==== Entries shown ====

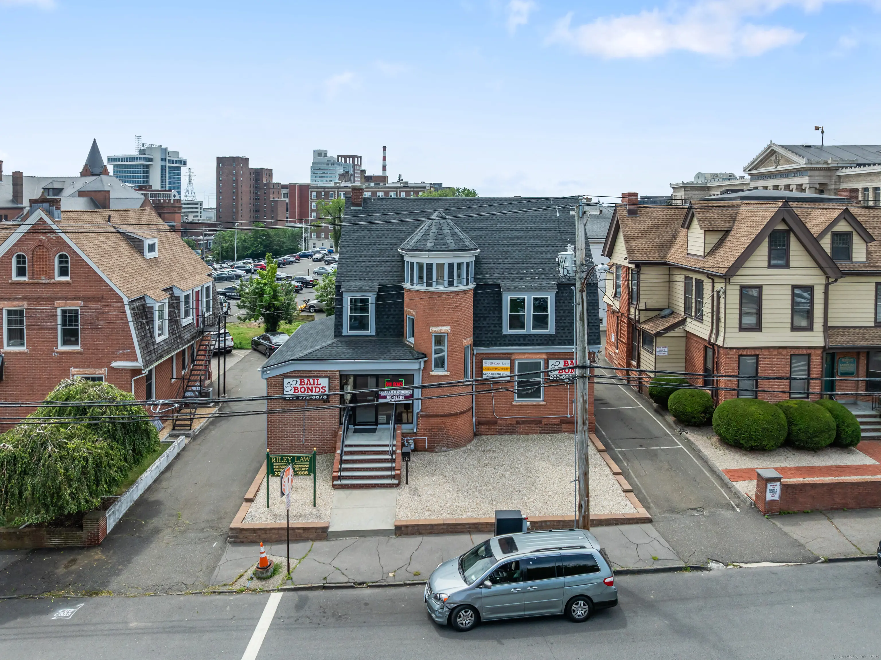 Renovated Free standing Office Building. Great location off Main Street and Washington Avenue, highly visible. The office features a reception area, 6-8 offices, open space with natural light, a full basement, and 3 bathrooms. AREA FEATURES 0.45 miles to I-95 : 0.5 miles to all major shopping : 1.7 miles to St Vincent hospital : 2.1 miles to Beardsley Park : 0.9 miles to Merritt Parkway/Route 8 : 0.9 miles to Bridgeport train station : 2.1 miles to Seaside Park : 2.4 miles to Bridgeport hospital Yale New Haven.
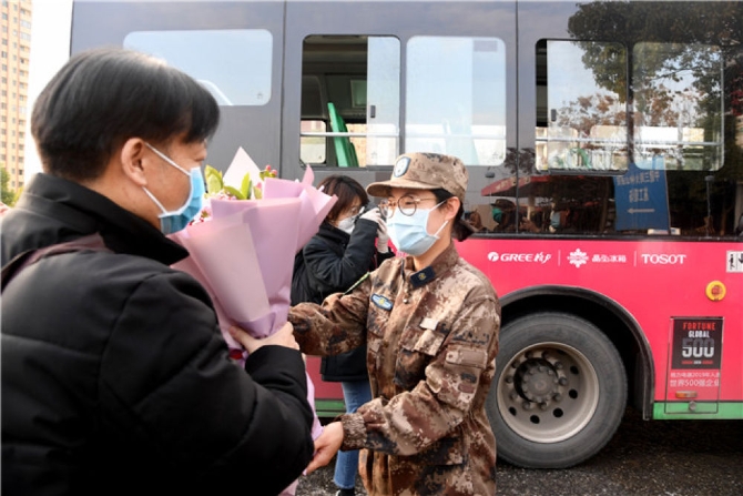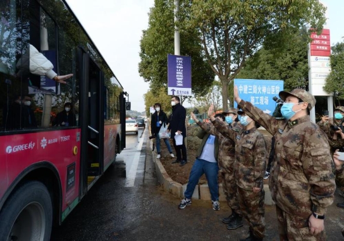 2月13日下午4时,经过火神山医院医护人员8天的精心诊治,7位新冠肺炎患者的临床症状和核酸检测达到出院指标,成为火神山医院第一批痊愈出院患者。临行前,他们连连向前来送行的医护人员鞠躬:感谢共产党,感谢解放军!
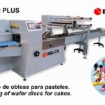 Envasado flow-pack de obleas para pasteles en envolvedora flow pack BF 325 H PLUS con film polipropileno neutro e impreso con centraje de impresión....
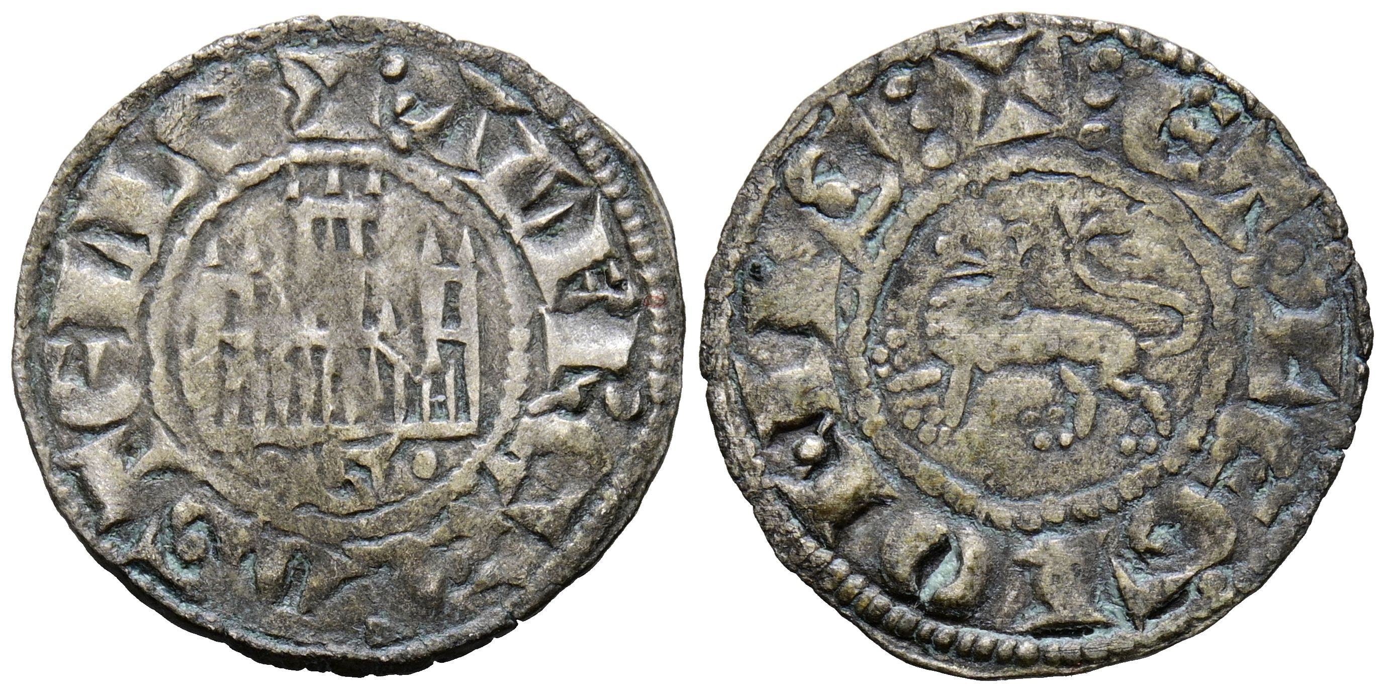 ALFONSO X (1252-1284). Dinero prieto. (Ve. 0,94g/19mm). Sevilla. (Imperatrix A10:6.30; FAB-254.1, como pepión). Anv: Castillo, debajo S entre puntos, todo dentro de gráfila circular, alrededor leyenda: ALF REX CASTELLE. Rev: León a izquierda dentro de gráfila circular, alrededor leyenda: ET LEGIONIS. MBC+. Muy bonito ejemplar.
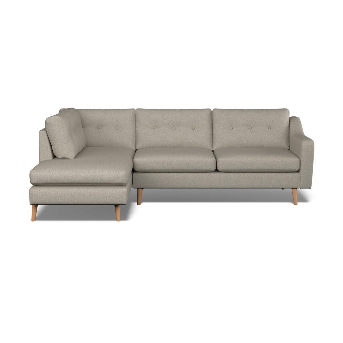 I love this corner sofa for its versatile style and soft, inviting fabric. The Rosa buttoned weave adds subtle texture, making it a great anchor piece in both contemporary and more traditional interiors. Its light wood legs bring warmth and a touch of Scandinavian simplicity, ideal for spaces aiming for a relaxed, airy feel. It works well in open-plan living rooms or cosy corner setups - just beware of clutter, as the light upholstery can show dirt more easily. For styling, pair it with neutral-toned throws and cushions for a clean look, or add colourful or patterned accessories to inject personality. Its left-facing design makes it perfect for creating cozy reading corners or entertaining zones against a wall or window.
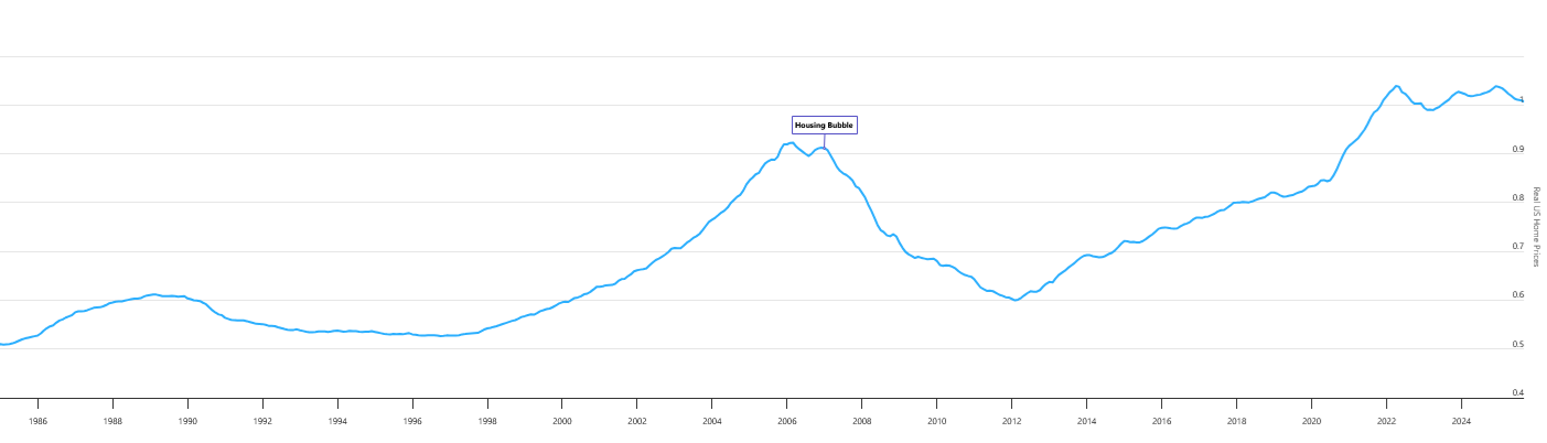 Here is the Case-Shiller index, the standard measure of US home prices. I’ve started it in 1985 to match our other graphs:
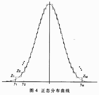 将正态分布函数的自变量y进行合理的离散化,得到一系列函数值,构成一个数列。再将此数列中的任一个数yi映射到数轴x上的某个小区间段[xi0,xi1],其中‖xi1-xi0‖=yi。取遍数列中所有的数值,得到一系列的小区间。将所有的小区间依次连接起来,中点置于数轴的零点,则构成变量x的取值区间[-x,x]。将数轴x上的各个小区间与y序列建立映射关系,则可以证明,如果采样间隔足够小,那么x域中的随机分布将对应于y域中的高斯分布。
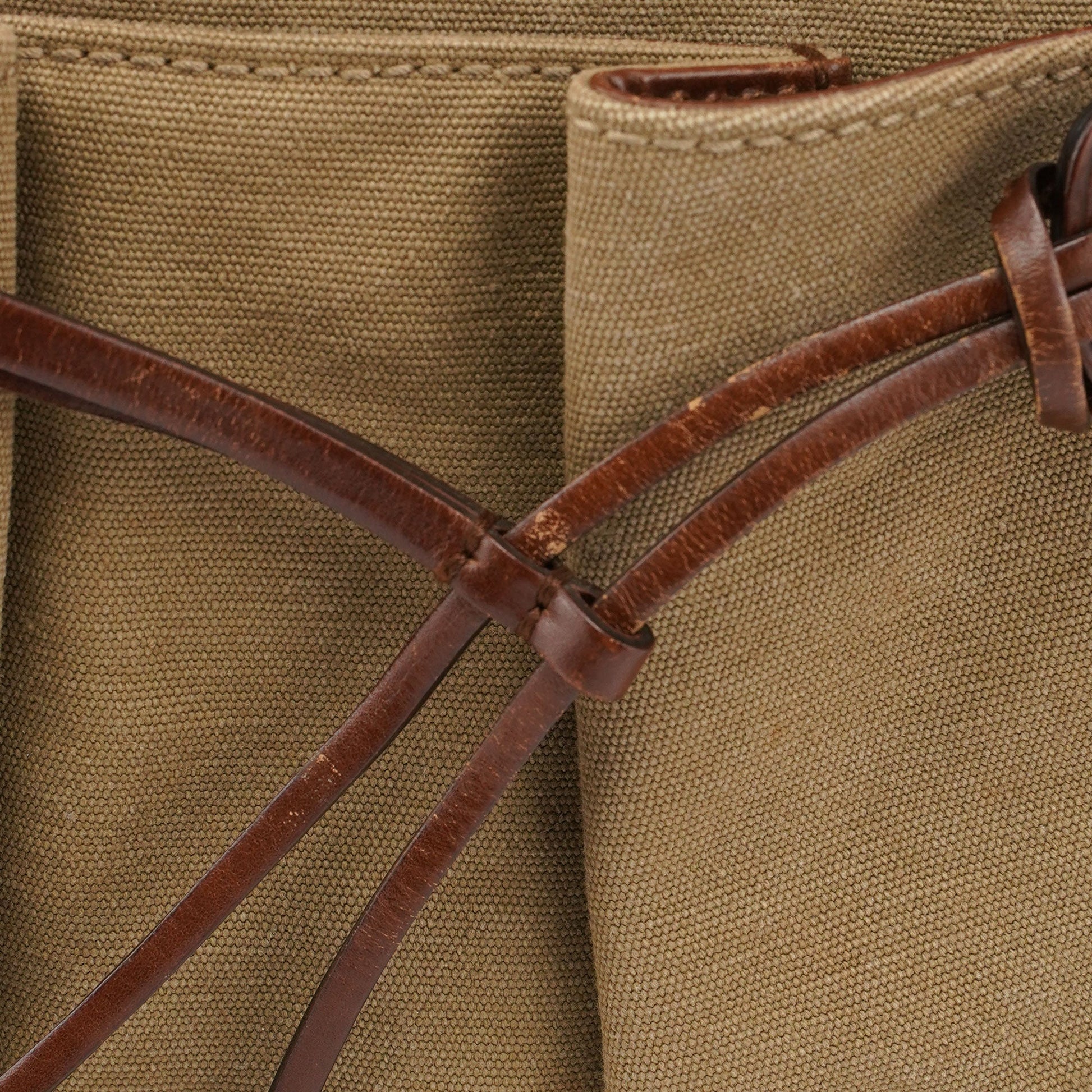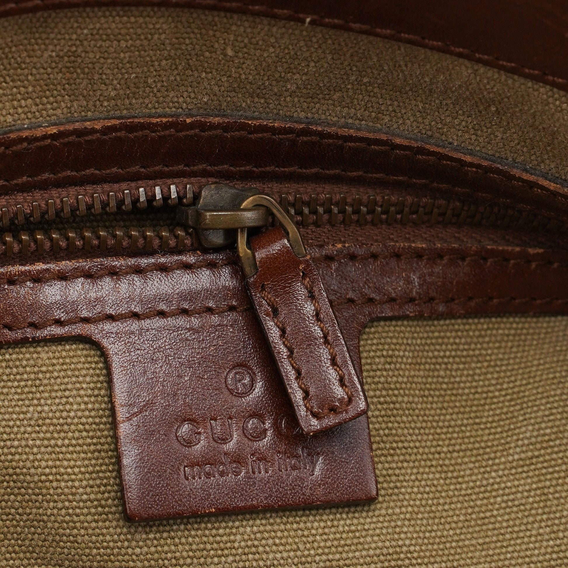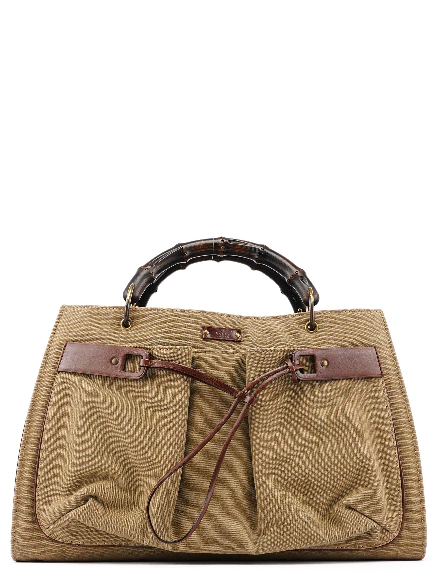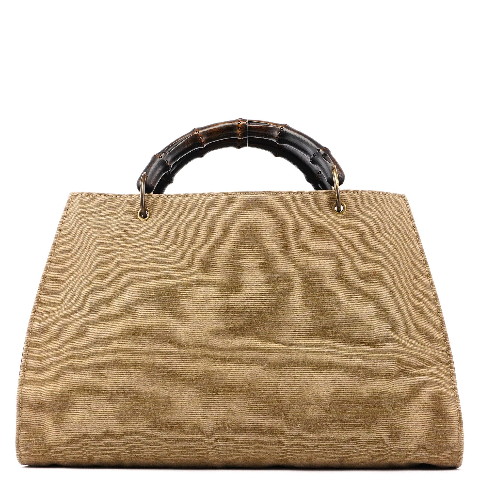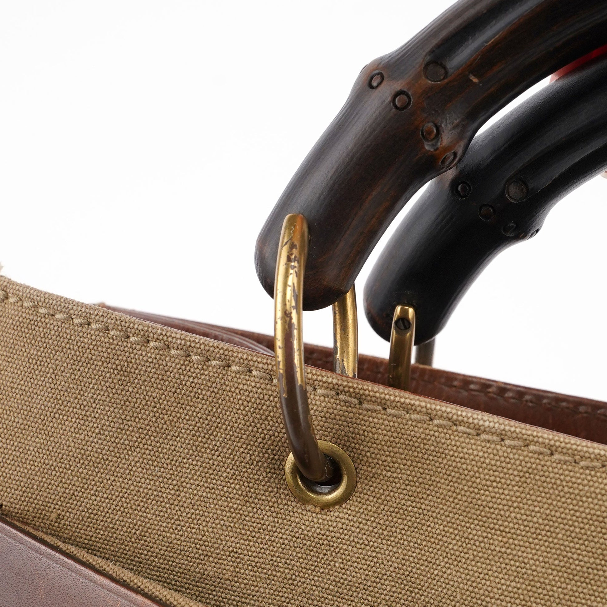 Designed by Tom Ford in 2003, this Gucci Bamboo bag is handcrafted from kaki cotton canvas and features bamboo handles and complementing brown leather trim, accented with brass hardware. Inside, three storage compartments, including an interior zip pocket, ensuring space and organization for your essentials.

====

Copy the data verbatim, skipping any image it holds.

* [Completed task]
 Renovated Free standing Office Building. Great location off Main Street and Washington Avenue, highly visible. The office features a reception area, 6-8 offices, open space with natural light, a full basement, and 3 bathrooms. AREA FEATURES 0.45 miles to I-95 : 0.5 miles to all major shopping : 1.7 miles to St Vincent hospital : 2.1 miles to Beardsley Park : 0.9 miles to Merritt Parkway/Route 8 : 0.9 miles to Bridgeport train station : 2.1 miles to Seaside Park : 2.4 miles to Bridgeport hospital Yale New Haven.
 2月13日下午4时,经过火神山医院医护人员8天的精心诊治,7位新冠肺炎患者的临床症状和核酸检测达到出院指标,成为火神山医院第一批痊愈出院患者。临行前,他们连连向前来送行的医护人员鞠躬:感谢共产党,感谢解放军!
 Envasado flow-pack de obleas para pasteles en envolvedora flow pack BF 325 H PLUS con film polipropileno neutro e impreso con centraje de impresión....
 ALFONSO X (1252-1284). Dinero prieto. (Ve. 0,94g/19mm). Sevilla. (Imperatrix A10:6.30; FAB-254.1, como pepión). Anv: Castillo, debajo S entre puntos, todo dentro de gráfila circular, alrededor leyenda: ALF REX CASTELLE. Rev: León a izquierda dentro de gráfila circular, alrededor leyenda: ET LEGIONIS. MBC+. Muy bonito ejemplar.
 I love this corner sofa for its versatile style and soft, inviting fabric. The Rosa buttoned weave adds subtle texture, making it a great anchor piece in both contemporary and more traditional interiors. Its light wood legs bring warmth and a touch of Scandinavian simplicity, ideal for spaces aiming for a relaxed, airy feel. It works well in open-plan living rooms or cosy corner setups - just beware of clutter, as the light upholstery can show dirt more easily. For styling, pair it with neutral-toned throws and cushions for a clean look, or add colourful or patterned accessories to inject personality. Its left-facing design makes it perfect for creating cozy reading corners or entertaining zones against a wall or window.
 Here is the Case-Shiller index, the standard measure of US home prices. I’ve started it in 1985 to match our other graphs:
 将正态分布函数的自变量y进行合理的离散化,得到一系列函数值,构成一个数列。再将此数列中的任一个数yi映射到数轴x上的某个小区间段[xi0,xi1],其中‖xi1-xi0‖=yi。取遍数列中所有的数值,得到一系列的小区间。将所有的小区间依次连接起来,中点置于数轴的零点,则构成变量x的取值区间[-x,x]。将数轴x上的各个小区间与y序列建立映射关系,则可以证明,如果采样间隔足够小,那么x域中的随机分布将对应于y域中的高斯分布。
 Designed by Tom Ford in 2003, this Gucci Bamboo bag is handcrafted from kaki cotton canvas and features bamboo handles and complementing brown leather trim, accented with brass hardware. Inside, three storage compartments, including an interior zip pocket, ensuring space and organization for your essentials.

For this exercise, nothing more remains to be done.